Task goal: Leave the pictures out and quote every line from the start of the listing to the line with "Figure 1: Detection", inclusive.

---------- Data supplied

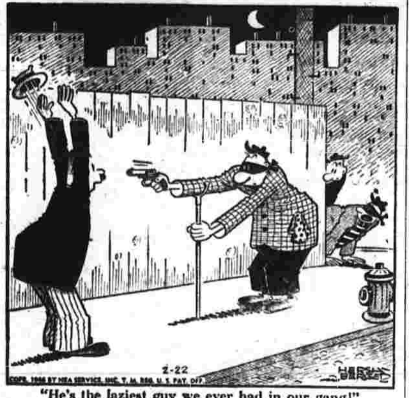
"He's the laziest guy we ever had in our gang!"
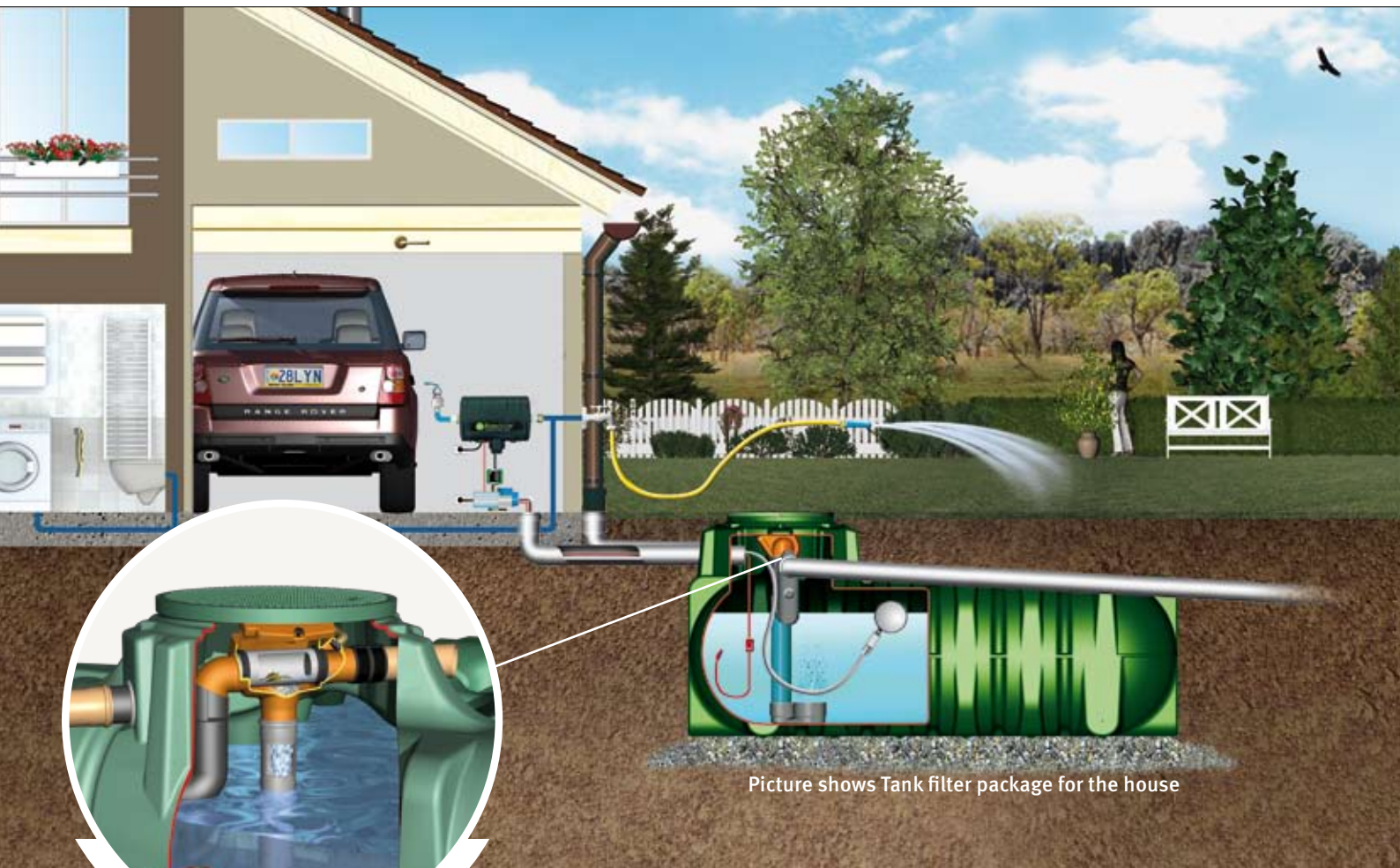
Picture shows Tank filter package for the house
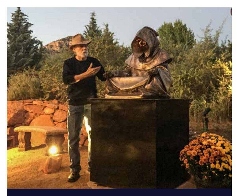
"The Holy Grail" – Lifesize (19" high maquettes available)
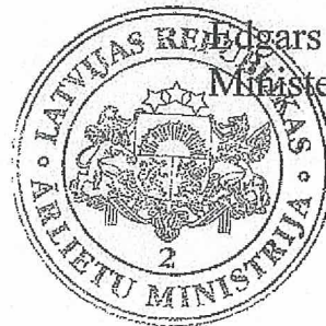
Edgars Rinkēvičs Minister of Foreign Affairs
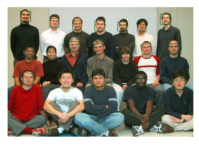
Figure 1: Detection of faces in a photography.

This package contains a system that provides real time object detection. By the objects, in this case, we mean anything with stable pattern (e.g. face, car rear, etc.). The detection is based on a classifier trained by AdaBoost (or its modification) algorithm. Example of an output of face detection is shown in the Figure 1.

--------------------

Result of the exercise:
"He's the laziest guy we ever had in our gang!"
Picture shows Tank filter package for the house
"The Holy Grail" – Lifesize (19" high maquettes available)
Edgars Rinkēvičs Minister of Foreign Affairs
Figure 1: Detection of faces in a photography.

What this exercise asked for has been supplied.